(Data provided Opens)

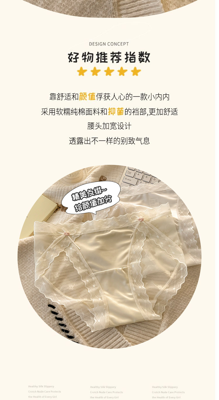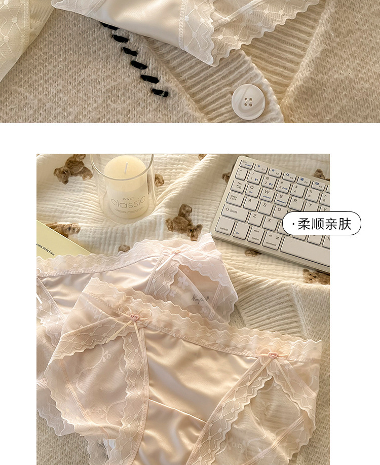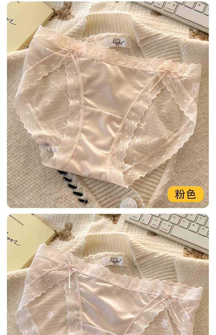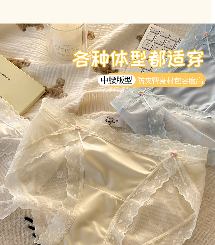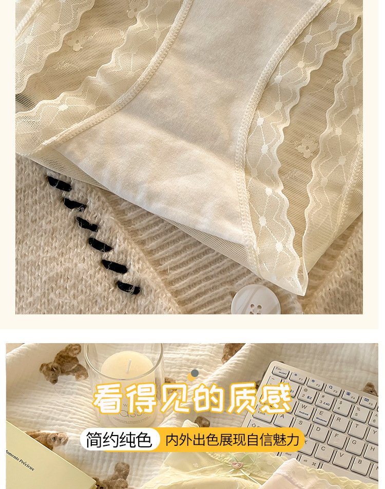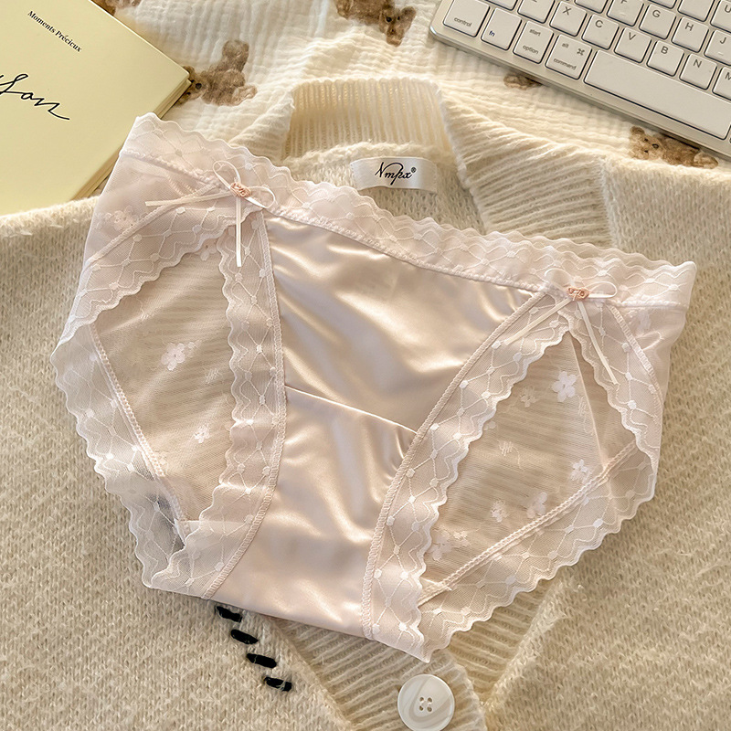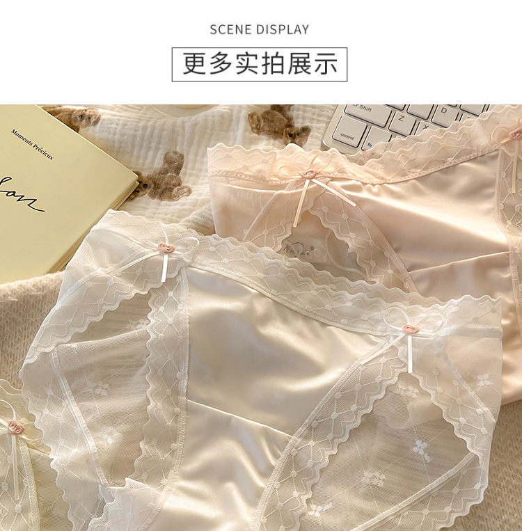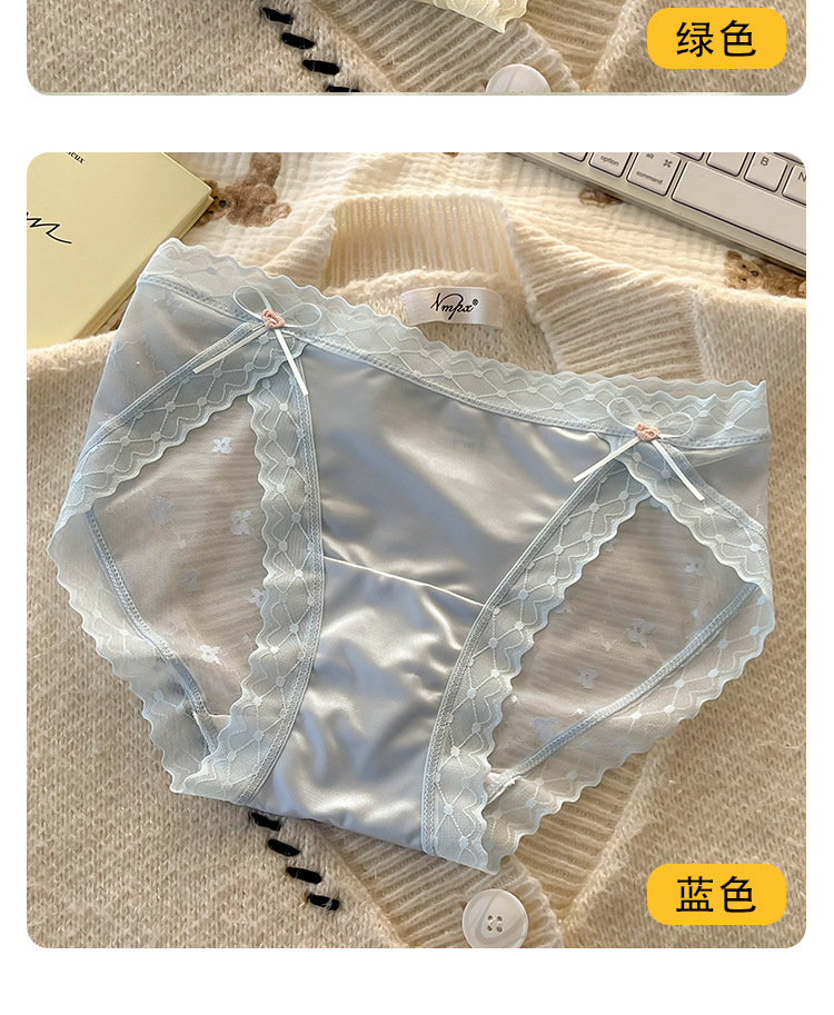 섹시한 레이스 소녀의 속옷 일본식 중간 허리 순면 크로트 비 마킹 아이스 실크 메쉬 여성의 삼각형 반바지스토어 가기
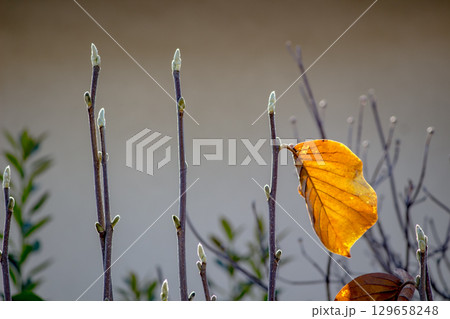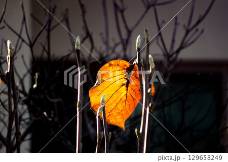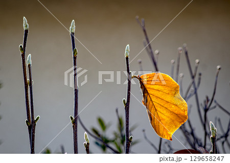 初冬の陽射しに輝くハクモクレンの冬芽と一枚の枯葉
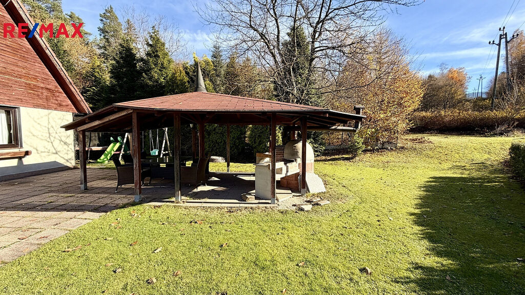 I když je domeček součástí většího pozemku, na němž se nachází i dům majitele, bude mít nájemce dostatek soukromí pro své bydlení. K dispozici bude mít zahradu o výměře cca 800 m², zastřešenou pergolu s grilem a sezením, až 3 parkovací místa na parkovišti před domem. Vjezd po společné příjezdové cestě, brána na dálkové ovládání.

(Data provided Closes)

▶ Brief
Leave out any pictures, please, and quote only the lines from the top of the data through the line that contains "初冬の陽射しに輝くハクモクレンの冬芽と一枚の枯葉".

▶ Written solution
 섹시한 레이스 소녀의 속옷 일본식 중간 허리 순면 크로트 비 마킹 아이스 실크 메쉬 여성의 삼각형 반바지스토어 가기
 初冬の陽射しに輝くハクモクレンの冬芽と一枚の枯葉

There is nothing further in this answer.